══ Material to process ══

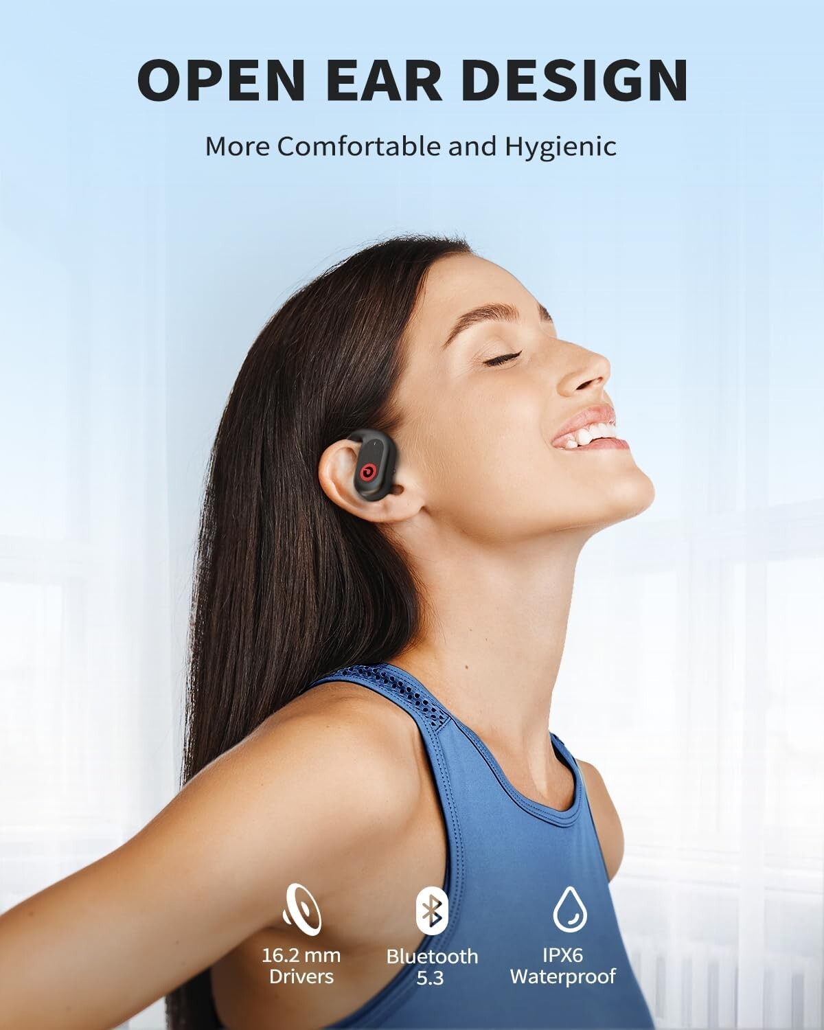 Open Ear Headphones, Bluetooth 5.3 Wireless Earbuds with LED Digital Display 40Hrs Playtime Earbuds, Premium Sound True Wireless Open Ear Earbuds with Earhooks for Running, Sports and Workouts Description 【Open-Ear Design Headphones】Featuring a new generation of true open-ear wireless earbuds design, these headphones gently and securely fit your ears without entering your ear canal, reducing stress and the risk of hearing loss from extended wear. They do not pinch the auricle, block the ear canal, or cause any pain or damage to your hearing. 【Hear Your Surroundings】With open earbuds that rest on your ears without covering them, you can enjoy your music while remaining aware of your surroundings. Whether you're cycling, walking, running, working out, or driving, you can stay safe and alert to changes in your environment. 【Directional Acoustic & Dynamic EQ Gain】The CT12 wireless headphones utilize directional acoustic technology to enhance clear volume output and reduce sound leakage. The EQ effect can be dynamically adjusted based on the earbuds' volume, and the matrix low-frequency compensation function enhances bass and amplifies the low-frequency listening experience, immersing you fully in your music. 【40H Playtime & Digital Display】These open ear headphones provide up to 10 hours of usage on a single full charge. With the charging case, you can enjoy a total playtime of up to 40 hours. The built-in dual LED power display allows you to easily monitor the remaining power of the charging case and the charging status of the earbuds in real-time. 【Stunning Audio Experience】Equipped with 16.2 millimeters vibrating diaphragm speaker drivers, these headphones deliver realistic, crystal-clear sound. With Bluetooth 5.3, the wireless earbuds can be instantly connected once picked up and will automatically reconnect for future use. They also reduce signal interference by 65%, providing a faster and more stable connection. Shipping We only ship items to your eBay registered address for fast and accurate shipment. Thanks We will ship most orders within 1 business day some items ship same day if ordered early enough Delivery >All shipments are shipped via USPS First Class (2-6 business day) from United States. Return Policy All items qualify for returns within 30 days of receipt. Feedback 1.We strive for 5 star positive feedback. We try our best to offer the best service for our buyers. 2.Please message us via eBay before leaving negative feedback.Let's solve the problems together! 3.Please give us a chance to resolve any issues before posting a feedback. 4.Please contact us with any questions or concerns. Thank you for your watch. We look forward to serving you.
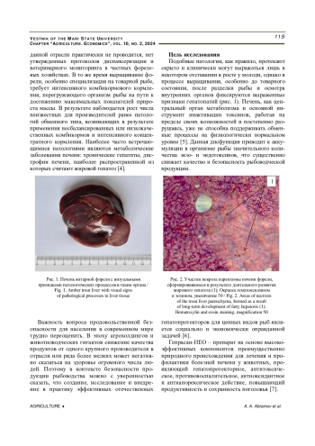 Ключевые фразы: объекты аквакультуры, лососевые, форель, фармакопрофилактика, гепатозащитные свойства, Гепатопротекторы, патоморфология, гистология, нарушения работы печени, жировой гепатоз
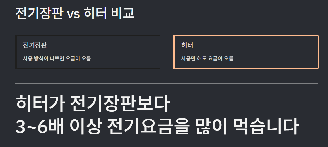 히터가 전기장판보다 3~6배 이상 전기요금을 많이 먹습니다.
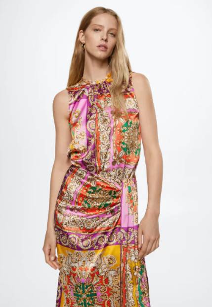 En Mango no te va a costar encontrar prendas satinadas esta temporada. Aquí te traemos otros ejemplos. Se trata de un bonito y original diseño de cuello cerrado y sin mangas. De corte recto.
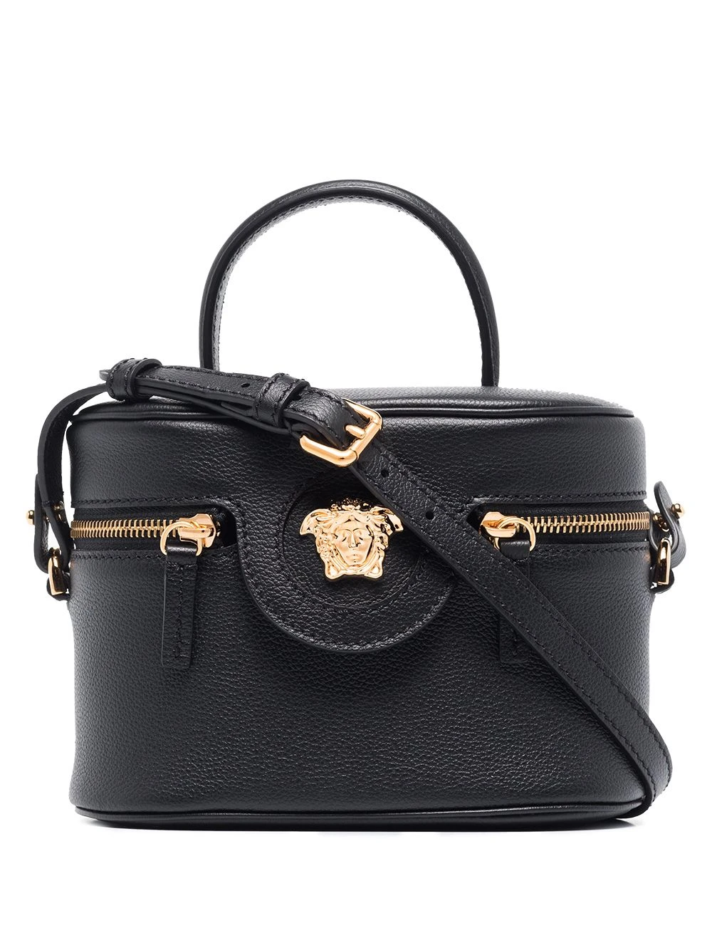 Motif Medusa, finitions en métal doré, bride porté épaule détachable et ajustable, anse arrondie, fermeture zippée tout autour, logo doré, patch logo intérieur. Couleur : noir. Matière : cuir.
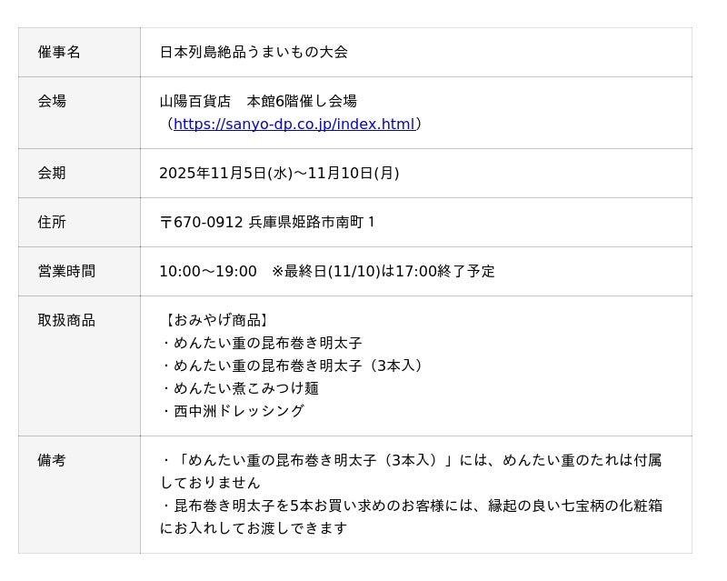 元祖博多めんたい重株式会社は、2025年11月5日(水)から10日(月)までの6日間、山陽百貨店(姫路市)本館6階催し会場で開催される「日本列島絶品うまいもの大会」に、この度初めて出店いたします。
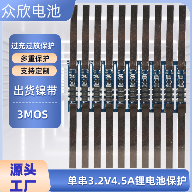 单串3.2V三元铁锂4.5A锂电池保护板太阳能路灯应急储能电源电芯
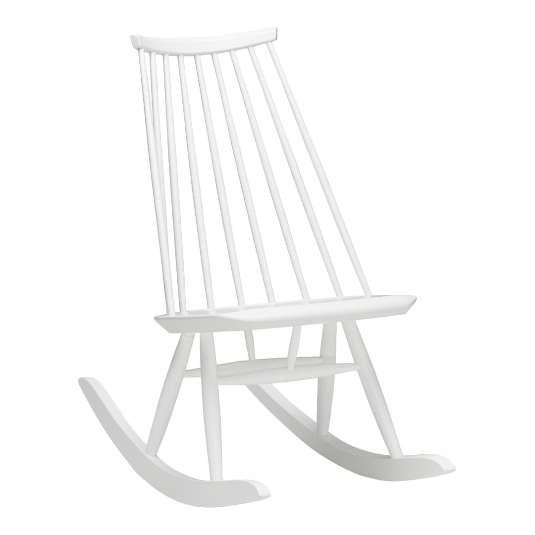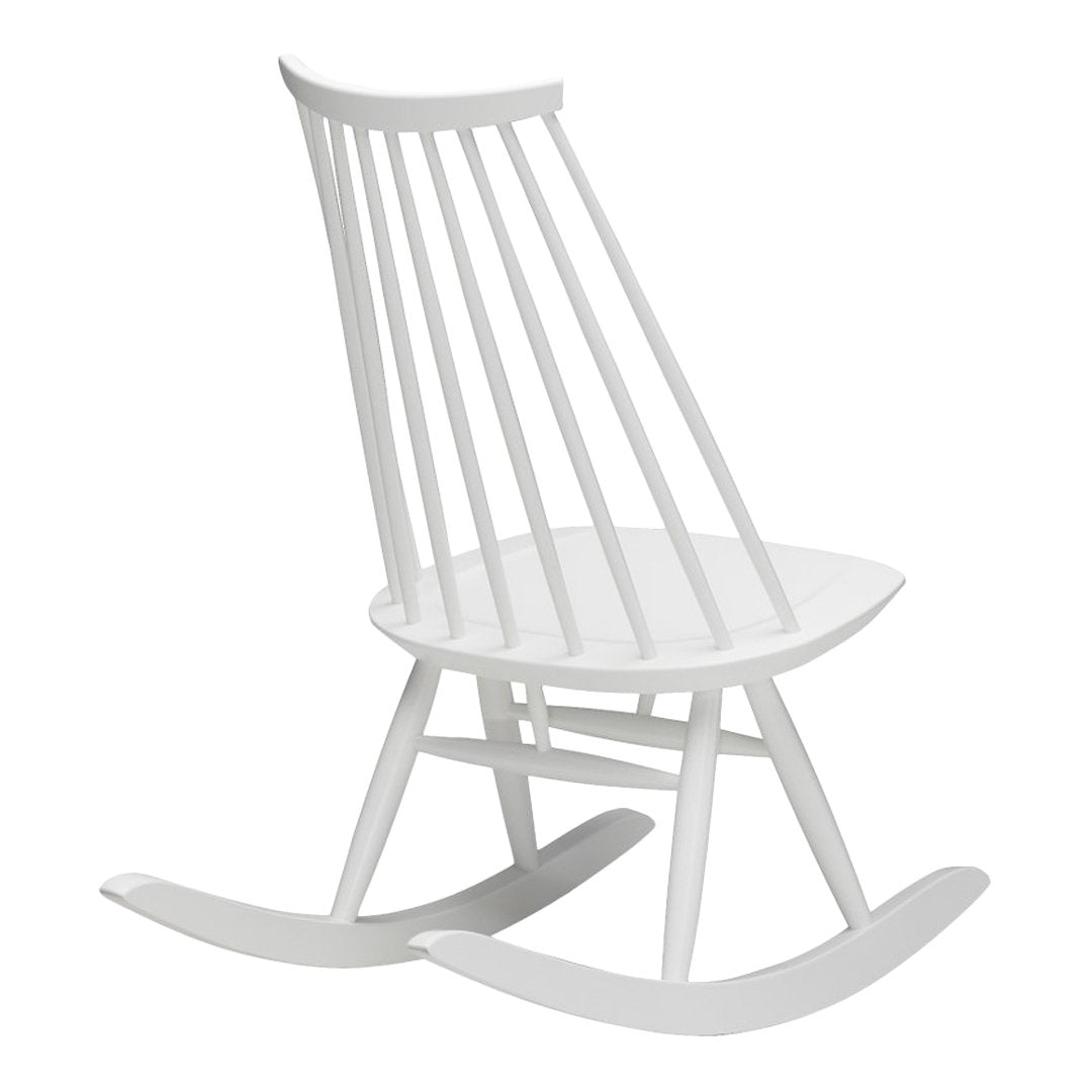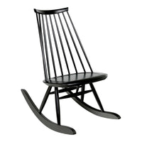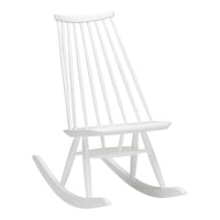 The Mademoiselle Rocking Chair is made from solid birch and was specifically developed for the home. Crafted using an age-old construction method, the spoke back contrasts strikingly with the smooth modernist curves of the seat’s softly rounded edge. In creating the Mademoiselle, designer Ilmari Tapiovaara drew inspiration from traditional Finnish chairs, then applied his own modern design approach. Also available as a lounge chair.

═══

> What you need to do
In the copy you return, include exactly the lines from the one containing "En Mango no" through the final line of the listing, and no pictures.

> Your solution
 En Mango no te va a costar encontrar prendas satinadas esta temporada. Aquí te traemos otros ejemplos. Se trata de un bonito y original diseño de cuello cerrado y sin mangas. De corte recto.
 Motif Medusa, finitions en métal doré, bride porté épaule détachable et ajustable, anse arrondie, fermeture zippée tout autour, logo doré, patch logo intérieur. Couleur : noir. Matière : cuir.
 元祖博多めんたい重株式会社は、2025年11月5日(水)から10日(月)までの6日間、山陽百貨店(姫路市)本館6階催し会場で開催される「日本列島絶品うまいもの大会」に、この度初めて出店いたします。
 单串3.2V三元铁锂4.5A锂电池保护板太阳能路灯应急储能电源电芯
 The Mademoiselle Rocking Chair is made from solid birch and was specifically developed for the home. Crafted using an age-old construction method, the spoke back contrasts strikingly with the smooth modernist curves of the seat’s softly rounded edge. In creating the Mademoiselle, designer Ilmari Tapiovaara drew inspiration from traditional Finnish chairs, then applied his own modern design approach. Also available as a lounge chair.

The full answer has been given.